A review of Alberta government royalties says Canada’s chief natural gas and oil-producing jurisdiction must accept and cope with painful reality that the shale revolution turned its prime export customer into a rival supplier.

“The United States is going to be our competitor,” review panel Chairman Dave Mowat told crowded meetings in the provincial corporate capital, Calgary, and political capital Edmonton. “One thing we are very aware of is the industry has changed dramatically.”

The royalty review is a government counterpart to industry efforts to adapt by breaking into overseas markets with 26 liquefied natural gas (LNG) export projects and proposals for new oil pipelines to tanker docks on Canada’s Pacific and Atlantic coasts.

In Canadian industry forecasts, campaigns in Washington, DC, to end prohibition against U.S. overseas exports raise the possibility that U.S. competition for gas sales in Ontario and Quebec will spread to international oil markets.

A steep decline in the Alberta treasury’s revenues from provincial government-owned natural resources highlights the scale of change driven by shale gas abundance that cut prices, shrank exports to the United States and accelerated eastern Canadian imports.

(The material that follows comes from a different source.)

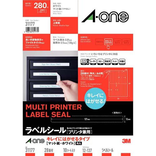 ・宛名ラベルはもちろん、発送用ラベルや大型ラベルなど、ご使用用途に合わせたラベルをご使用ください。・インクジェットプリンタ、レーザープリンタ、コピー機、熱転写プリンタで使用できるマルチタイプラベルです。・印字適正、耐熱性にも優れています。・カールが少ない使い易さを追求した製品です。

On the eve of the shale revolution — in the government fiscal year of April 1, 2005, to March 31, 2006 — Alberta treasury resource revenues hit C$14.4 billion (US$11 billion). The gravy included C$8.3 billion (US$6.4 billion) in natural gas royalties alone, plus C$3.4 billion (US$2.6 billion) from gas and oil lease auctions.

For the current 2015-2016 fiscal term the treasury take is forecast to be down from the 2005-2006 peak by 75% to C$3.6 billion (US$2.8 billion). Gas royalties have all but vanished by shrinking to C$392 million (US$302 million). Lease auctions, a barometer of industry intentions, have also shriveled to C$157 million (US$121 million). Growing oilsands plants, recognized as high-cost producers by royalties that apply only to after-expenses profits, will not offset the losses.

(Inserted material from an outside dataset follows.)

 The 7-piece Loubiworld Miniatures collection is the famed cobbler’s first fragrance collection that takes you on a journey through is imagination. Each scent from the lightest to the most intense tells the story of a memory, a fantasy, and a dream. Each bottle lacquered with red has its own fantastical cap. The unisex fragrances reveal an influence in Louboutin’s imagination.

At a crowded meeting in the downtown heart of corporate Calgary, the response to the review panel appointed by the left-leaning New Democratic Party regime elected in May was tinged with right-wing political frustration. A message in bold, uppercase letters written on flip charts meant to collect public goals for royalties expressed widespread suspicion that the exercise is a prelude to a radical money grab: “NDP IDEOLOGY WILL BE THE ECONOMIC END OF ALBERTA.”

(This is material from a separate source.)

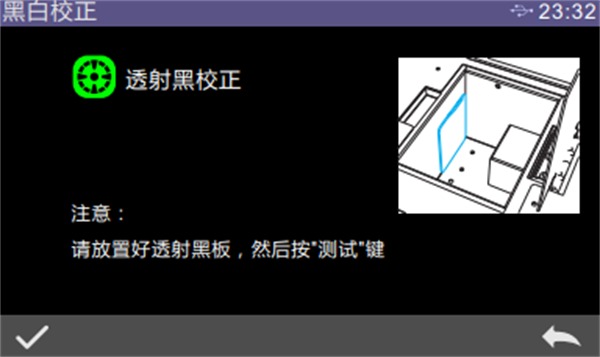 進入主菜單界面,點擊“黑白校正”進入透射黑校。將透射黑板放入透射樣品倉,并貼緊積分球側,合上樣品倉蓋,按下測量鍵進行校正。

The new regime will announce its first budget on Oct. 27. So far the only moves on industry have been a two percentage-point rise in corporate income tax on profitable firms to 12% and enactment of phased increases to carbon emissions penalties that also figured in the former Conservative regime’s climate change policy.

The NDP, which in Alberta has more populist than socialist roots, infused the four-member royalty review panel with business and financial sensitivity. Chairman Mowat is president of Alberta Treasury Branches, a government-owned bank with a clientele of home grown firms in the gas and oil industry. Peter Tertzakian is chief energy economist of Calgary investment house ARC Financial. Leona Hanson is a project management consultant and mayor of a northern Alberta gas- and oilfield service center, Beaverlodge. Annette Trimbee is a former Alberta deputy finance minister.

The review panel’s budget of C$3-3.5 million (US$2.3-2.7 million) includes technical consulting services by Wood Mackenzie and a senior Calgary engineering and earth sciences firm, GLJ Petroleum.

The goal is a durable “framework” policy to “optimize” Alberta’s government-owned resource endowment by collecting a fair public share of production revenues flexibly, in a way that also helps industry cope with fat and lean times, Mowat emphasized. His agenda calls for a report by the end of this year. The government has allowed itself plenty of time to respond by pledging to refrain from making royalty changes until 2017.